Foto: Reprodução
Um estudo detalhado de nove pacientes alemães com Covid-19 indica que o novo coronavírus é transmitido com muita facilidade na fase inicial da doença, quando os sintomas são leves e às vezes nem incluem febre. A análise, que acaba de ser publicada no site da revista científica Nature, reforça a importância de barrar o contato entre pessoas com quaisquer sintomas e a população em geral para retardar o avanço da doença.
O estudo foi coordenado por Christian Drosten, do Charité Universitätsmedizin Berlin, um dos mais importantes hospitais universitários da Europa. Drosten e seus colegas acompanharam os pacientes a partir do fim de janeiro de 2020, quando a primeira onda de casos da Covid-19 foi detectada em Munique. Todos os doentes foram acompanhados no mesmo hospital da cidade, capital do estado da Baviera (sul da Alemanha).
De modo geral, o grupo de pacientes teve manifestações brandas da doença, com sintomas como febre, tosse, dor de cabeça e, mais raramente, sinusite e diarreia. Um deles não manifestou sintoma algum, enquanto dois chegaram a ficar com pneumonia.
Os cientistas conseguiram monitorar regularmente a presença de material genético do vírus, de vírus inteiros e de anticorpos produzidos pelo organismo dos pacientes para tentar neutralizar o invasor. Extraíram amostras do nariz e da garganta (por meio de esfregaços com algodão), do sangue, da urina e das fezes dos doentes.
O resultado principal dessa bateria de análises foi a constatação de que há um pico de produção do vírus no organismo nos primeiros cinco dias de sintomas, com uma concentração do parasita nas vias respiratórias superiores (nariz, garganta etc.). Também havia grande quantidade do vírus em amostras de escarro, o que significa que ele também é capaz de “descer” rumo aos pulmões, conforme indicado pelos casos de pneumonia desencadeados pelo Sars-CoV-2, causador da doença.
Foi possível calcular até a quantidade bruta dos vírus em cada amostra. Um único esfregaço continha, em média, 676 mil cópias do material genético do vírus (composto por RNA, a molécula “prima” do DNA) durante os cinco dias iniciais de manifestação dos sintomas.
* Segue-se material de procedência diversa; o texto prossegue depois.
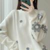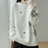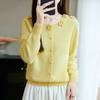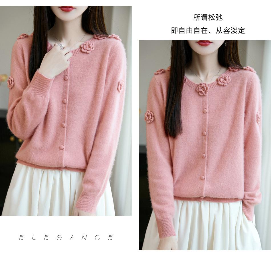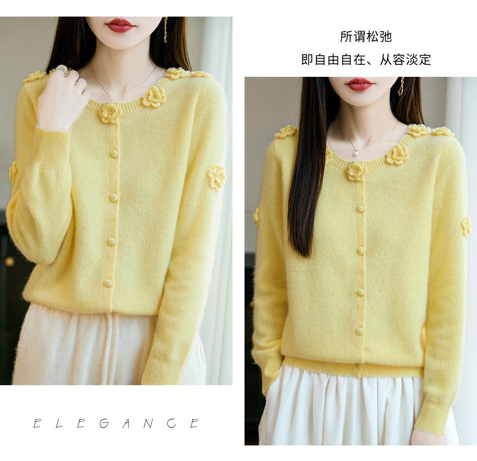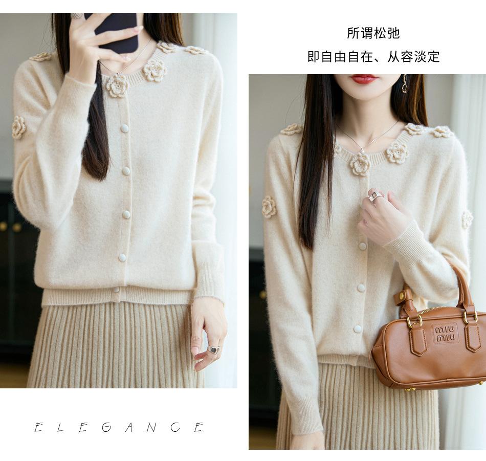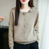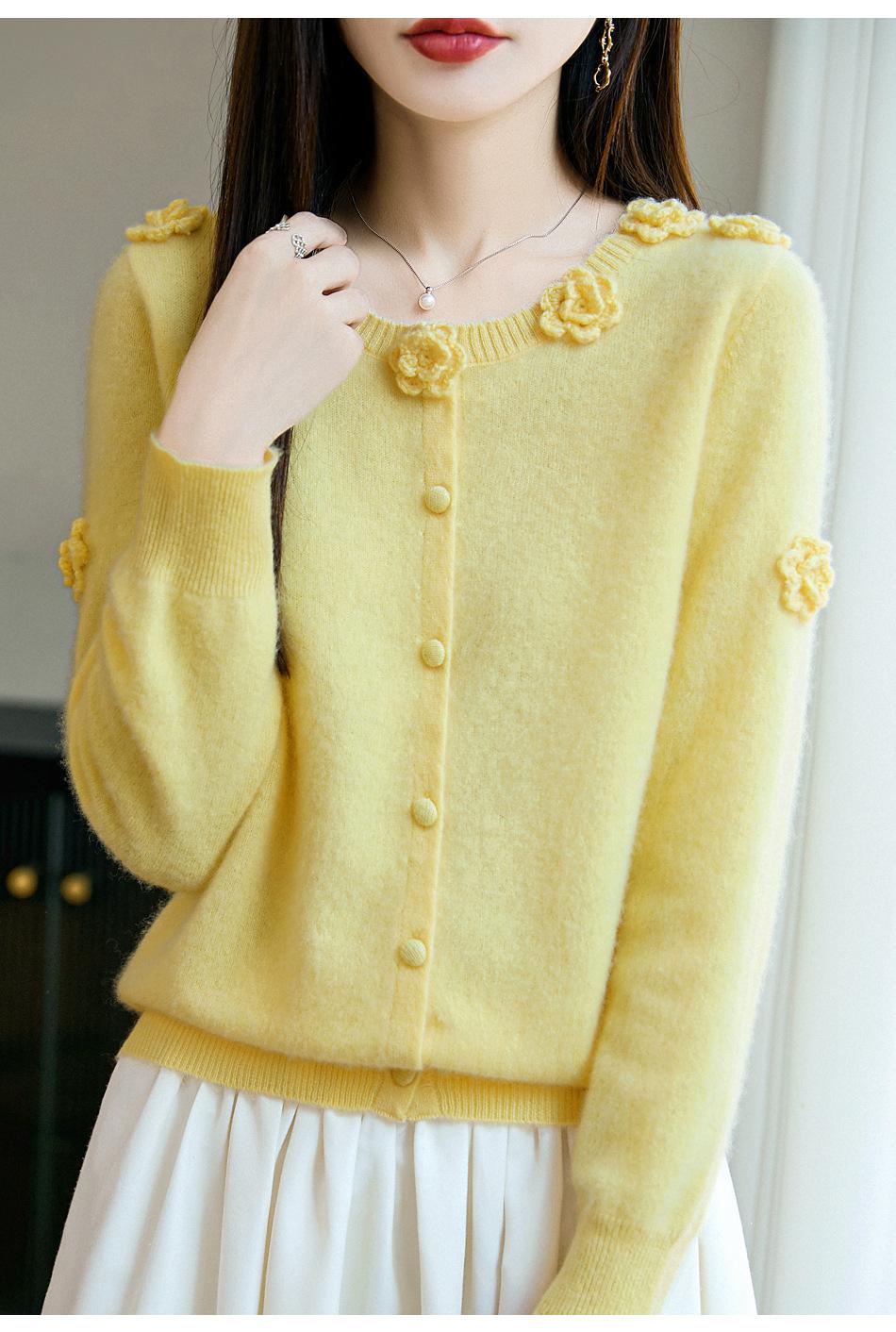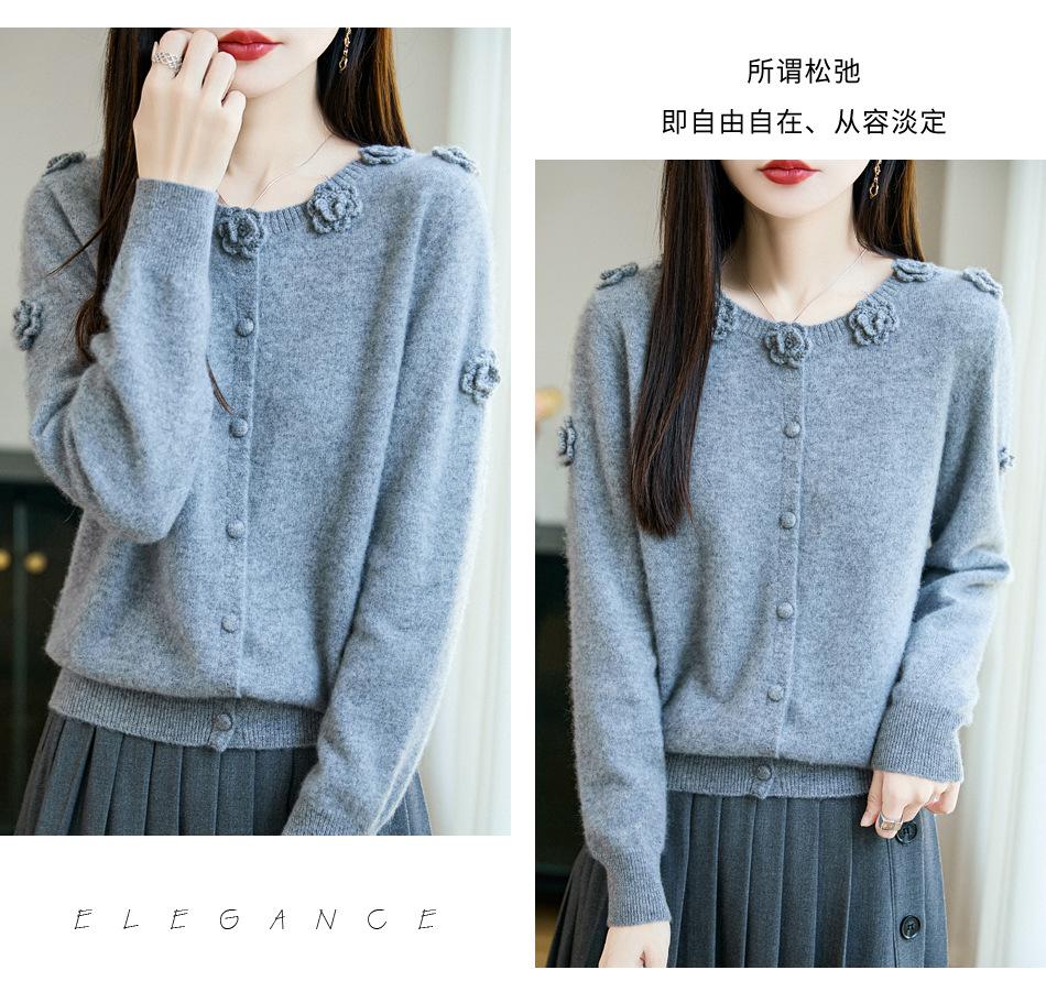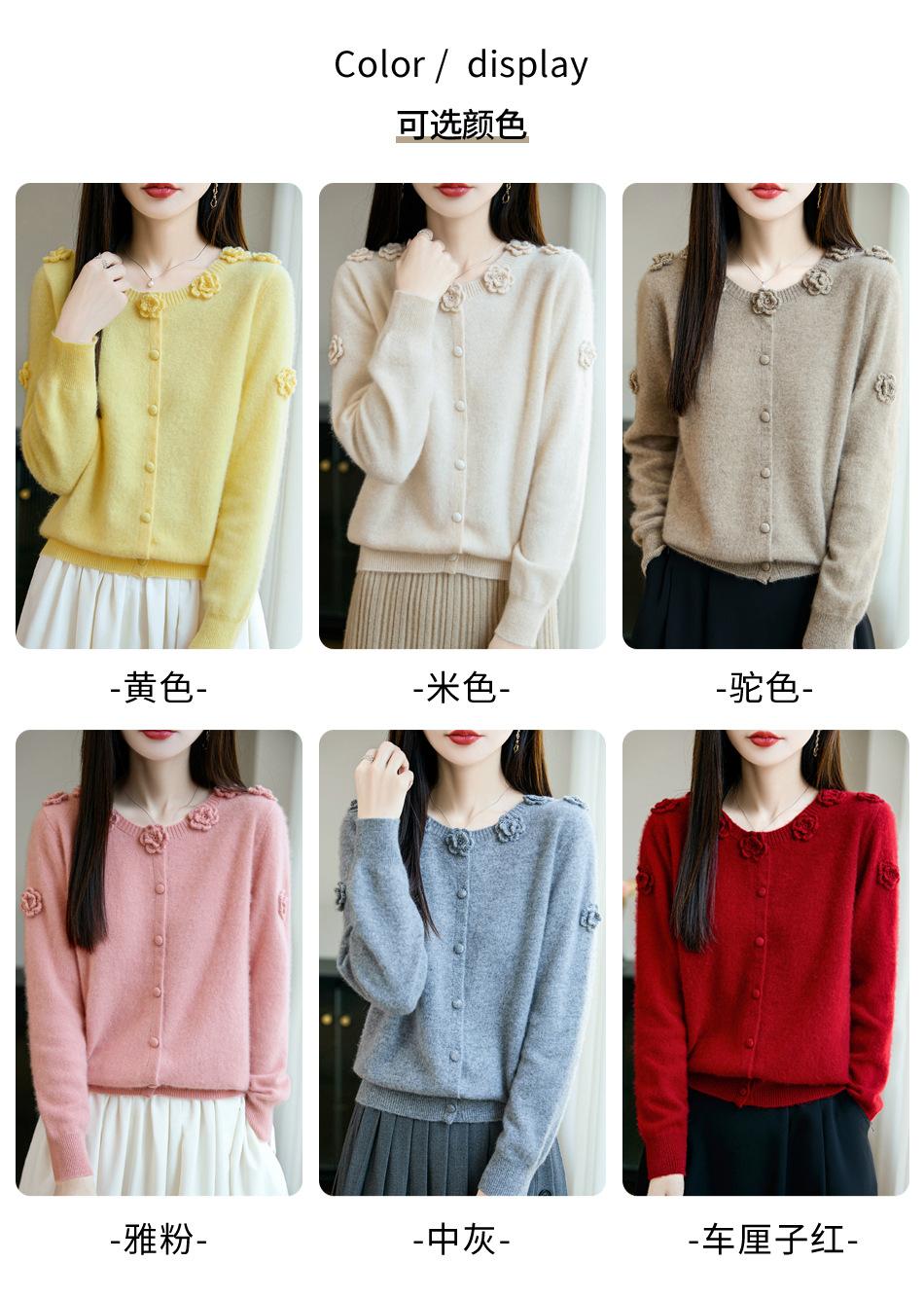 Suéter 100% Lana Pura Cuello Redondo Tejido Cárdigan para Mujer Nueve Rosas Hecho a Mano Crochet Suéter Abrigo Otoño e Invierno Nuevo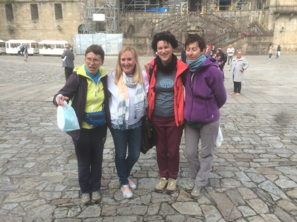 But most of all the Camino has been the most fun I’ve ever had. Yesterday I was washed ashore feeling quite lonely because so many of my pilgrim friends had already departed before I arrived in Santiago. But today I attended the 12.00 Pilgrims Mass and met up with others who were following behind me. I sat beside a Swiss couple (quite by chance) whom I first met before Leon and to whom I am Mr Chelsea. Manfred walked with me in the early part and is here too; we had lunch together. DJ arrived this morning with the Italian girls from the magic British Albergue in Rabanal. We all had a delicious meal this evening, avoiding the Pilgrims menu. And SG is just 10km away, arriving tomorrow.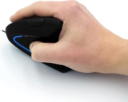 Vertikální tvar podporuje „handshake“ úchop, čímž snižuje ohyb zápěstí a kroucení předloktí. Ideální pro dlouhé hodiny práce u počítače.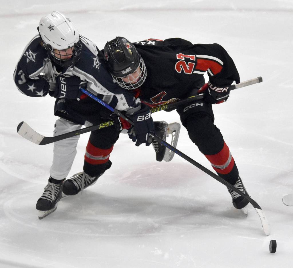 Soldotna’s Draiden Mullican and Kenai Central’s Noah Hallam battle for the puck Thursday, Jan. 30, 2025, at the Soldotna Regional Sports Complex in Soldotna, Alaska. (Photo by Jeff Helminiak/Peninsula Clarion)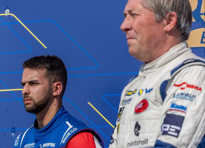Start vom Ende des Feldes: Im zweiten Rennen war es Norbert Kiss, der sich ganz hinten einreihen musste. Was dann folgte, war eine weitere Demonstration der derzeitigen Kräfteverhältnisse. Der Start erfolgte wegen starken Regens erneut unter Gelb, die Reihenfolge veränderte sich also erst nach dem Ende der ersten Runde. Nach dem dritten Umlauf war Kiss bereits in den Top 5, nach fünf Runden hatte er sich an die Spitze gesetzt und spulte das Restprogramm bei weiter anhaltendem Regen deutlich schneller ab als seine Konkurrenten. Knapp über 23 Sekunden betrug nach zwölf Runden der Vorsprung auf Sascha Lenz und knapp 27 auf Antonio Albacete, dem ältesten Fahrer im Feld: Der Ungar fährt definitiv in einer eigenen Liga.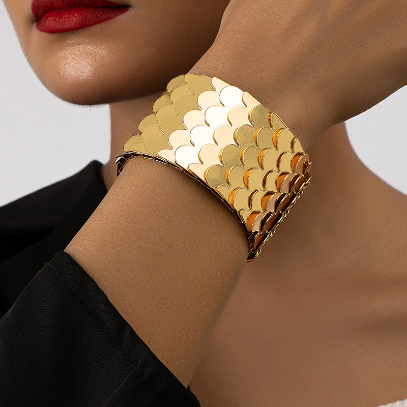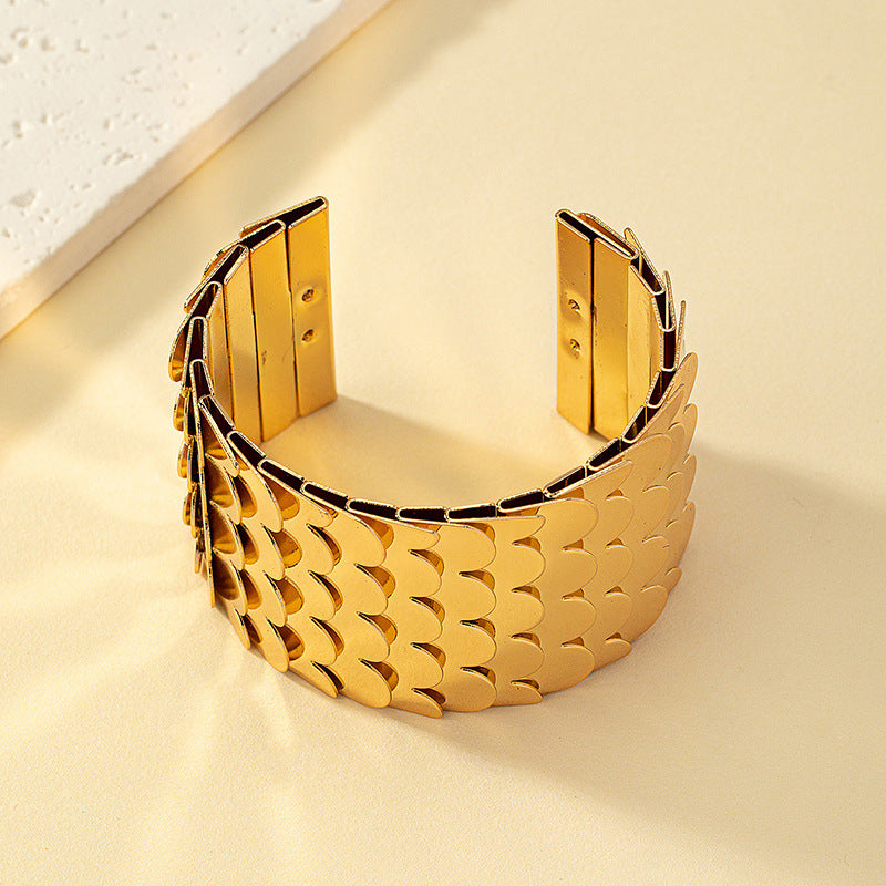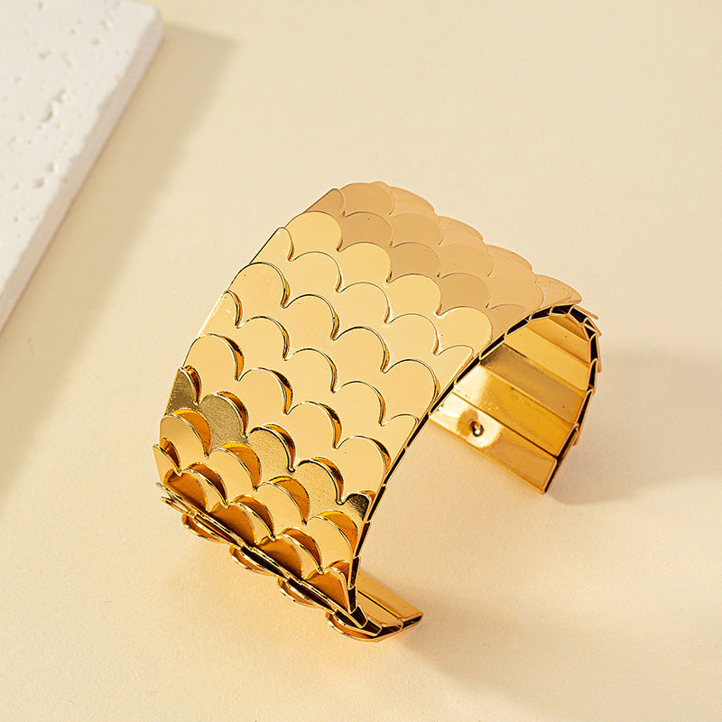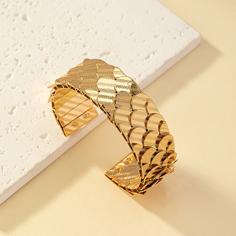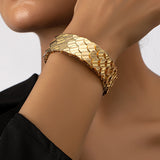 Elevate your style with this striking Gold Wide Cuff Bracelet, featuring a bold fish scale pattern that adds a touch of personality to any outfit. Crafted from durable alloy, this adjustable bracelet ensures a comfortable fit for all wrist sizes. Perfect for those who love statement jewelry, its unique 3D design captures attention effortlessly. Whether you're dressing up for a night out or adding flair to your everyday look, this wide cuff is a versatile accessory that complements any wardrobe. Handpicked from Abroad, it brings international fashion trends directly to your collection. Discover the perfect blend of elegance and edge with this must-have jewelry piece, designed to make you stand out with every wear.

Nos dias seguintes da doença, esse número caiu para 344 mil cópias do RNA viral. A presença de vírus capazes de infectar outras pessoas só decaiu após o oitavo dia de sintomas.
A análise genética também foi capaz de detectar mutações no vírus quase em tempo real. Em determinado dia, por exemplo, os vírus obtidos a partir de esfregaços da garganta e do escarro de um paciente tinham o mesmo genoma; dias depois, os vírus presentes no escarro mantinham o material genético antigo, enquanto os da garganta já tinham sofrido mutação de uma “letra” química de RNA, o que reforça a ideia de que o vírus estava se multiplicando intensamente nas vias respiratórias superiores (afinal, é nesse processo de multiplicação que as alterações genéticas acabam aparecendo).
Uma possível boa notícia oriunda das análises é que o grupo não conseguiu detectar o Sars-CoV-2 no sangue e na urina dos pacientes alemães, e as fezes, embora contivessem grandes quantidades de material genético viral, não abrigavam a forma do vírus com capacidade de replicação (reprodução). Dos nove pacientes, quatro também tiveram perda temporária do olfato e do paladar, outro efeito relativamente comum da Covid-19, conforme têm mostrado outros relatos.
Além de reforçar a importância do confinamento, os dados trazem indicações importantes para o trabalho dos hospitais e para o desenvolvimento de vacinas. Numa situação em que os sistemas de saúde do mundo ameaçam colapsar, a análise dos pacientes alemães sugere que, no décimo dia após o início dos sintomas, quase não há mais potencial para a transmissão do vírus, o que permitiria a liberação desses pacientes com relativa segurança (desde que não sofram complicações).
Além disso, foi possível acompanhar passo a passo a formação de anticorpos contra o vírus. Metade dos pacientes tinham desenvolvido boa quantidade de anticorpos no sétimo dia após o início da doença, e todos tinham chegado a esse estágio 14 dias após as primeiras febres e episódios de tosse. Não houve correlação clara, entretanto, entre a quantidade de anticorpos e a duração da doença. Em vez disso, os anticorpos levaram a uma diminuição lenta e constante do vírus no organismo.
Portanto, dizem os pesquisadores, seria interessante que uma futura vacina desencadeasse uma produção forte de anticorpos logo de cara para ter eficácia.